Australian unis in mass Microsoft email migration

Look to the Privacy Act

Universities need to keep in mind two key pieces of legislation when hosting emails containing personal information offshore, according to Malcolm Burrows, practice director of Brisbane-based privacy law firm Dundas Lawyers.

The first is the Australian Privacy Act, which is due to be updated in March 2014. The second is the United States Patriot Act's Uniting and Strengthening America by Providing Appropriate Tools Required to Intercept and Obstruct Terrorism Act of 2001.

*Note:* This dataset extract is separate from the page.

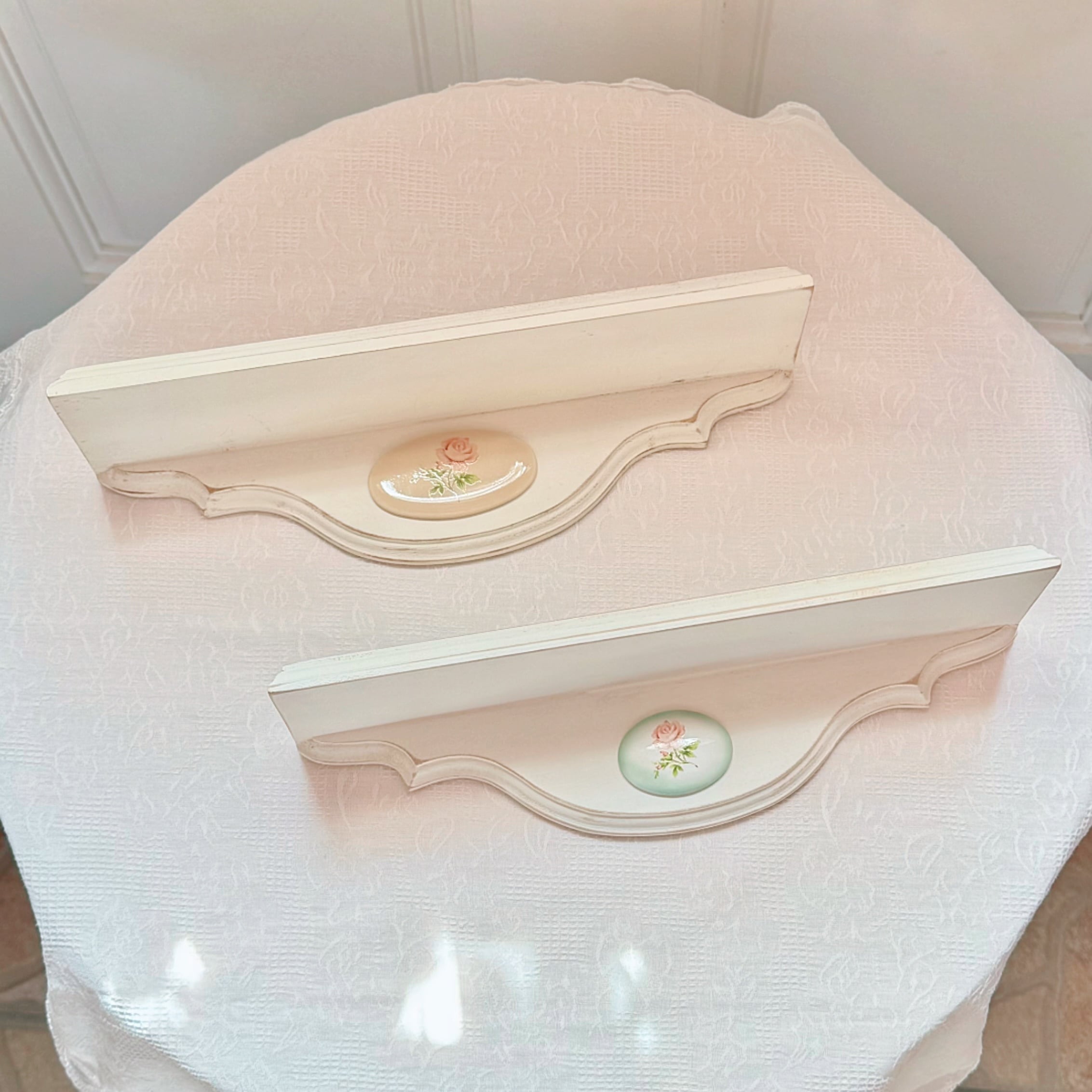 【プラン・ド・パリ 木製ウォールシェルフ S ホワイト ジュリアン(グリーン) ローズ 1点】

“Australian organisations storing information in the cloud are still subject to regulation by the Privacy Act and in particular must comply with National Privacy Principals,” Burrows said. “NPP 9 deals with transborder data flows and requires an organisation to consider the destination country to have similar privacy laws or to obtain consent.

“The first threshold question is whether personal information is being sent offshore which may subsequently be accessed because of the broad powers contained in the Patriot Act.”

The Patriot Act accommodates for nation-wide search warrants for emails, and because of the breadth of the Act’s powers, there is risk of inadvertent disclosure of all content in and attached to emails, Burrows said.

“Law enforcement agents do not have to physically visit the ISP, and prosecutors and judges have no control over determining whether a warrant may be obtained,” Burrows said. 

"Whilst the right to obtain and subsequently use information appears limited, as with the disclosure of any information there is a risk that there may be further inadvertent disclosure."

Burrows said while the Patriot Act was not designed to allow for malicious objectives, the broad powers for foreign intelligence gathering and the granting of warrants meant emails may not be as secure as the senders and receivers think. 

“The use of emails to send and receive information ... is subject to the whims of the United States government,” Burrows said.

“The information sent and received could be subject to a foreign intelligence investigation for the sole reason that such information could be of benefit to the United States. This could lead to further implications, if information accessed by the United States is, for example, used by researchers in patents.” 

Additionally, the new incoming Australian privacy law will require all organisations to notify affected parties if there is a likelihood their data will be held offshore and where it might be held - a new requirement.

James Moore, partner at law firm HWL Ebsworth with a speciality in data privacy, told iTnews at the time of the collection of personal information such as at enrolment, universities will be required under the new Act to make a disclosure.

“When somebody enrols in a university, that university will know that it’s likely that personal information will at some point get into the university’s systems and perhaps be sent in an email, to the extent that the student’s data will be accessed through Office 365,” he said.

“It’s very likely that if the university is signed up to such a service, some information about each student or academic will ultimately be sent to America or Singapore.

"So at the time the university collects the personal information, it would become a requirement under the Act to actually make a disclosure that they use Microsoft products and as a result the information is likely to be held on a server in the US or Singapore.”

Moore said data in offshore systems is subject to the laws of the country it resides in and to Australian privacy law. 

“Where [personal] information is sent offshore, the organisation is responsible for making sure that it is dealt with in accordance with Australian privacy principles, and if it is dealt with inconsistently the organisation in Australia is actually in breach,” Moore said. 

He said many organisations were currently wrestling with how they would deal with the new requirement around location of data ahead of its inclusion in the new privacy laws.